C++ Annotated August 2021: Practical Modules, C++20 Attribute to Help with EBO, Valgrind, Intel Compiler, and CLion News
Our monthly C++ Annotated digest and its companion, the No Diagnostic Required show, released a new episode with August news!
If you have already subscribed, feel free to skip to the news. If you are new, you can explore all the formats we offer. Choose to read, listen, or watch our essential digest of this month’s C++ news:
- Read the monthly digest on our blog (use the form on the right to subscribe to the whole blog).
- Subscribe to C++ Annotated emails by filling out this form.
- Watch the No Diagnostic Required show on YouTube. To be notified of new episodes, follow us on Twitter.
- Listen to our podcast – just search for “No Diagnostic Required” in your favorite podcast player (see the list of supported players).
August news
- Language news
- Learning
- Tools
- And finally, 10 years of C++ support in JetBrains tools!

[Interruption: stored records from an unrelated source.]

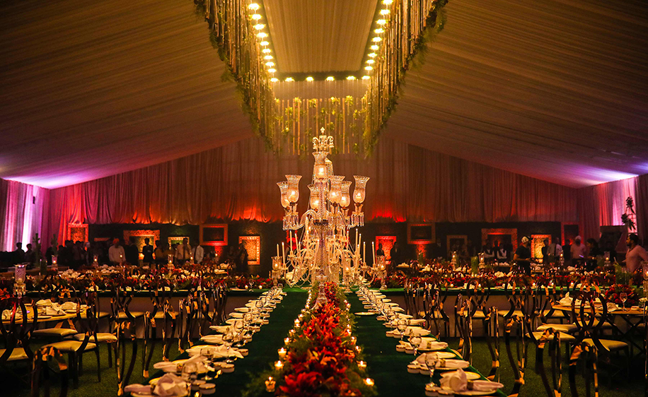 The nikah carried a distinctive North Indian appeal with aesthesis inspired from the palaces of Rajasthan. The imposing stage comprised of five dome-shaped pavilions, often seen in structures that are fine examples of Indian architecture, supported by intricately carved pillars. While the backdrop for the central canopy was smothered in red roses, those for the remaining four displayed stunning relief work. With jaali panels adorning the front of the stage and impressive chandeliers and flickering candles in tall candelabra lighting up the structure, the setup left the guests in awe.
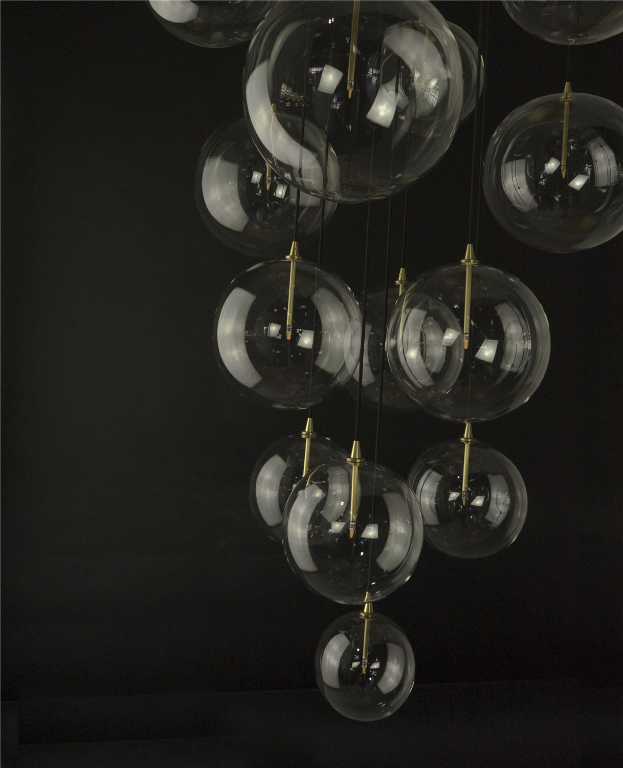 An arrangement of thirteen glass globes suspended from a discus of brass forms a serene ceiling constellation. The repeated sphere appears like a bundle of grapes, a tantalizing cluster floating in the air.
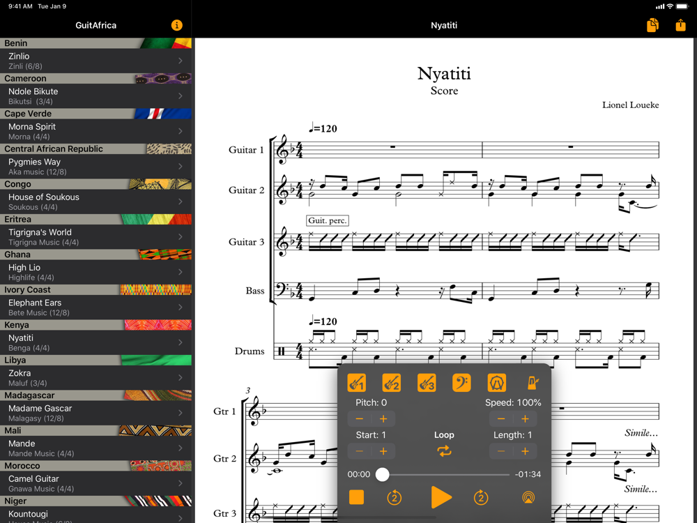 We believe that learning music should not be tedious, nor a chore - it should be fun, inspiring and fulfilling. So we invited Lionel Loueke to compose and perform 22 beautiful songs especially for GuitAfrica. They represent and are inspired by the traditional sounds of African ethnic groups spanning the entire continent.

Watch the August episode of No Diagnostic Required below, or keep reading for all the latest news!
Language News
D2422R0 “Remove nodiscard annotations from the standard library specification”
This is another example of a paper that has recently been covered on CppCast, it appears to be an unusual paper at first glance. That was certainly my reaction when I first heard it discussed on CppCast, and that seemed to be Rob and Jason’s reaction, too.
It’s worth digging into this a bit more to find out what’s really being said in this paper. It’s definitely a case where the devil is in the details and a little more background is insightful, so let’s dive in.
[[nodiscard]]
is an attribute introduced in C++17 as a hint that compilers or other tools can choose to check whether the return value is used or explicitly cast to void
by the caller. It can be applied to a function (including member functions), in which case it refers to the return value of that function or to a type (including enums), in which case it applies to any function that returns values of that type – great for error codes or types. In C++20 it was extended to allow a message to be included that explains why the value should not be discarded.
Along with error types, functions that have no side-effects (are “pure”) also seem like good use cases. Back in May, we talked about a proposal for adding [[nodiscard]]
to the iterators library for this reason. There have been other proposals, many already accepted into the working draft for C++23, that add it to other functions, like memory allocation functions and empty()
member functions.
These all seem like great uses of [[nodiscard]]
– almost no-brainers, even (although there were some less obvious cases).
So what’s the problem? Rewind to where we said these should be considered “hints”. This is a definite case of “no diagnostic required”. On the other hand, standard library authors are entirely free to add [[nodiscard]]
anywhere they see fit, and many have done so. Microsoft’s stdlib contains over 400 such annotations, for example. Beyond that, even without [[nodiscard]],
tools (including compilers) are allowed to issue warnings when return values are discarded if they think there is a good case for doing so.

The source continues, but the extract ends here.